Evapotranspiration was derived from eddy correlation measurements of sensible heat flux and measurements of net radiation and soil heat flux. 419 hours of daytime energy balance data from the summers of 1987 and 1988 were analyzed. A rearranged form of the Penman-Monteith equation was used to calculate hourly mean surface conductances for the clearcut. Leaf area measurements were used to calculate stomatal conductance from surface conductances.
Stomatal conductance was modelled using boundary-line and non-linear optimization techniques. The most successful model (R² = 0.71) was obtained using non-linear optimization
with stomatal conductance as a non-linear function of saturation deficit at the leaf surface (D₀) and solar irradiance. D₀ was calculated from measured evapotranspiration
and surface conductance. Response of stomata to saturation deficit would be expected to be better correlated to D₀ than D measured at a reference height above the canopy. Stomatal conductance was also modelled as a function of D (measured at 1.3 m) and solar irradiance. The resulting model (R² = 0.50) was poor compared to that based on D₀.

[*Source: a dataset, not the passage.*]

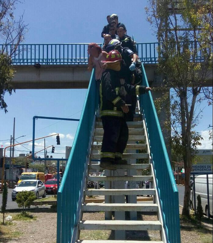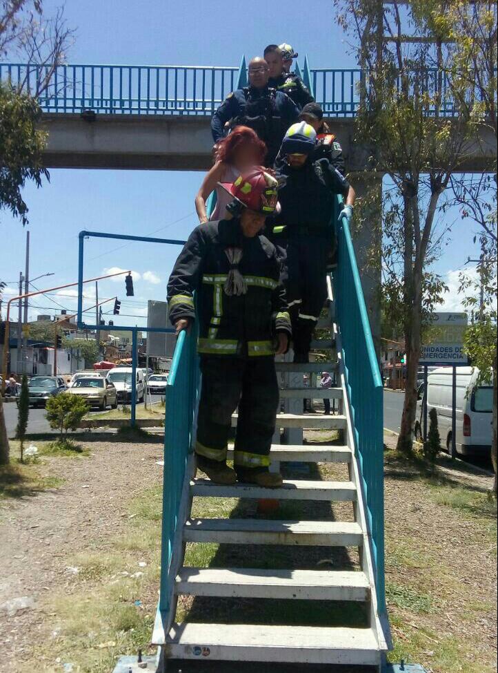 Al encontrarse realizando sus recorridos de seguridad y vigilancia por inmediaciones de la colonia Tepalcapa, elementos de la Policía Montada de Atizapán fueron alertados por un grupo de personas, quienes sorprendidos observaron como una mujer de 30 años de edad de forma intempestiva subió al puente peatonal de la avenida Ignacio Zaragoza con la intensión de arrojarse al vacío.
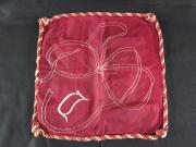 A red pillow case with red and white braided trim. The pillow case is embroidered with a white "D" and a bow on the front. On the back, the word "Dickinson" is embroidered in white. This object belonged to and was made by Ethelyn Hardesty, who gave it as a present to her husband, Clarence G. Cleaver, class of 1894.

Saturation deficit and temperature were found to be highly correlated both at 1.3 m
above the canopy and at the leaf surface. Use of air temperature in the conductance model caused R² to decrease. No relationship between stomatal conductance and volumetric soil water content was found.
Hourly evapotranspiration rates calculated using modelled surface conductances agreed well with measured rates.(R² = 0.89).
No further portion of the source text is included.